A higher risk of coronary heart disease is associated with long-term use of sulfonylureas among women with diabetes, according to recent study findings published in Diabetes Care.
In the study, researchers evaluated 4,902 women with type 2 diabetes who responded to a supplemental questionnaire in 2000 and 2005 as part of the Nurses’ Health Study cohort to determine the association between sulfonylurea use and the risk of cardiovascular disease. The study’s follow-up extended to June 30, 2010. At baseline and throughout the study period, participants self-reported on their use of sulfonylureas and other medications.
The researchers found that 339 incident cases occurred during the course of the study; these consisted of 191 cases of coronary heart disease (CHD) and 148 strokes.

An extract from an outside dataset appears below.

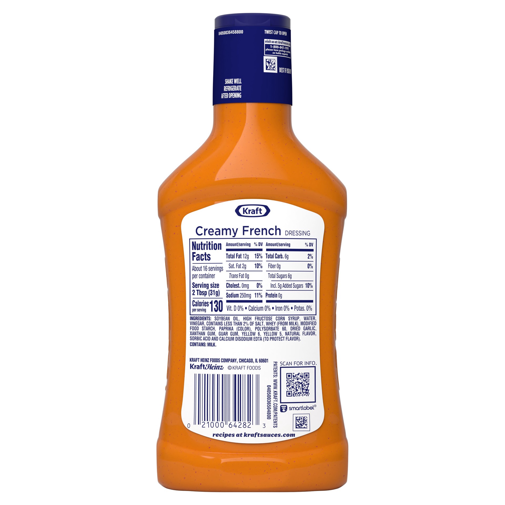 SOYBEAN OIL, HIGH FRUCTOSE CORN SYRUP, WATER, VINEGAR, CONTAINS LESS THAN 2% OF SALT, WHEY (FROM MILK), MODIFIED FOOD STARCH, PAPRIKA (COLOR), POLYSORBATE 60, DRIED GARLIC, XANTHAN GUM, GUAR GUM, YELL…
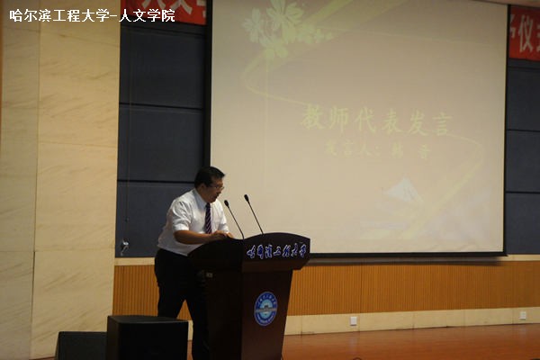 教师代表韩晋发言。他代表全体教师祝福毕业生,希望毕业生们脚踏实地,继续求索,并学以致用,不断向前,不断奋进,从此扬帆远航,追求梦想。然后,毕业生代表向学院献礼,感谢学院的培训和关爱,并深深祝福学院。

The risk of CHD was significantly higher with longer duration of sulfonylurea use (P=.002). Compared with nonusers, participants who used sulfonylureas for 1 to 5 years had RRs for CHD of 1.24 (95% CI, 0.85-1.81), while those who used sulfonylureas for 6 to 10 years had RRs of 1.51 (95% CI, 0.94-2.32), and those who used sulfonylureas for >10 years had RRs of 2.15 (95% CI, 1.31-3.54).
A combination of metformin and sulfonylurea had an RR for CHD of 3.28 (1.31-8.17) compared to metformin monotherapy.
No significant association was found between the use of sulfonylureas and stroke risk.
“In conclusion, our study suggest that a longer duration of sulfonylurea therapy was associated with a higher risk of CHD, and the combination therapy of metformin and sulfonylurea was associated with an increased CHD risk compared with metformin monotherapy or sulfonylurea monotherapy,” the researchers wrote. “Further prospective studies are warranted to replicate our findings.”
Disclosure: The study was partly funded by Merck. Two researchers report financial ties with Merck.